Gelelim az yeme işine; yediğinizin yarısını yeme olayına odaklanacaksınız. Yemekten önce kafanızı bu noktaya toplarsanız, mesele kalmaz diyorum. Ben de mesele kaldı maalesef, çünkü yemeyi seviyorum, buna rağmen eskisinden daha iyi durumdayım.

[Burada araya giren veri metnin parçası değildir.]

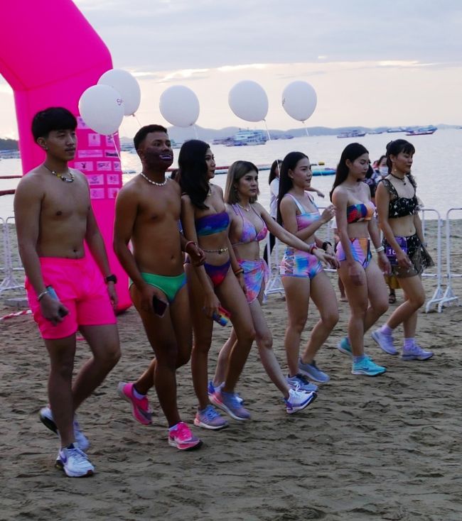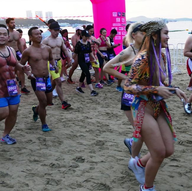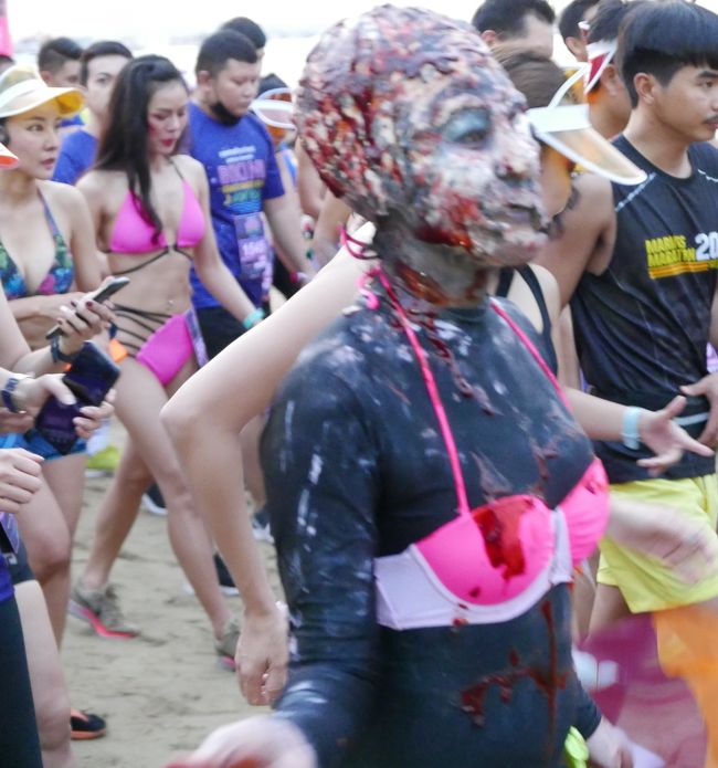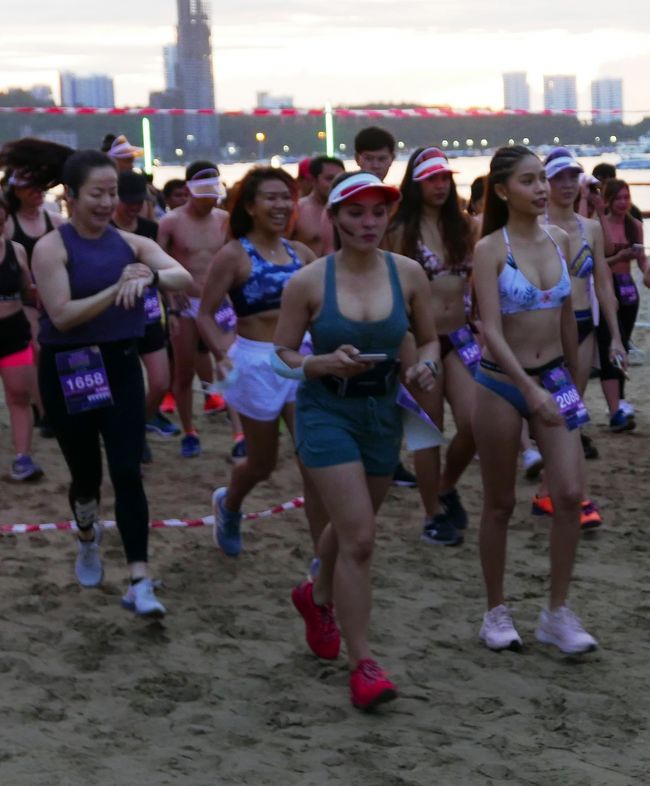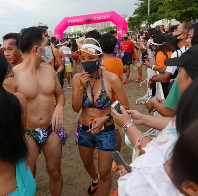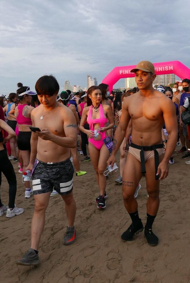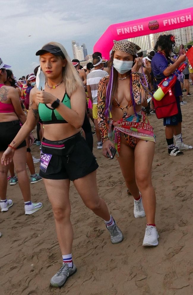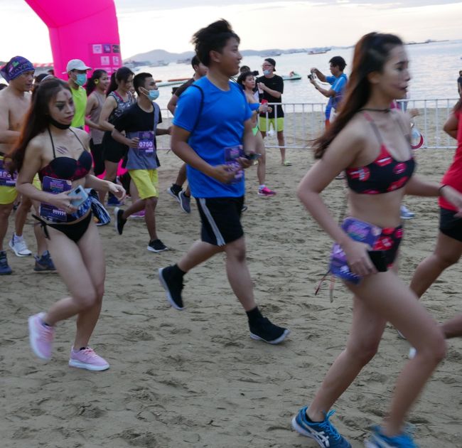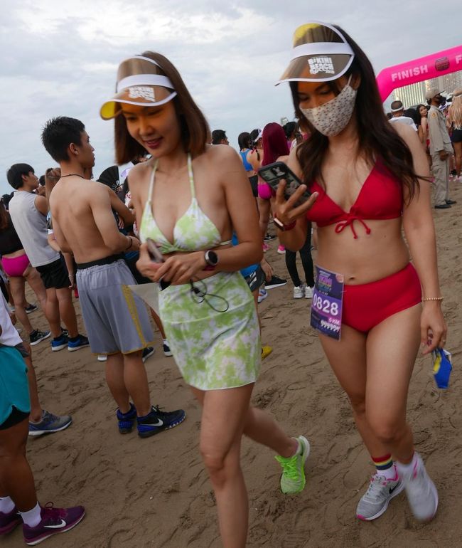 おっと巨乳だ!...これがビキニマラソンだ!...走ると揺れるだろうな!

Bir köşeye oturup, ben başarabilirim diyenlerin bir psiloğa gereksinimi olmayabilir, ama benim her zaman kapı arkalarında duran sevgilere ve desteklere ihtiyacım odu, onların desteğini istiyorum, öğrenmemi ve uygulamamı kolaylaştırıyorlar, bazen bu bir arkadaş ta olabiliyor.
Hiç bir zaman sevgisiz, dostsuz, arkadaşsız, akrabasız, yalnız kalmam, umarım, yoksa yaşayamam.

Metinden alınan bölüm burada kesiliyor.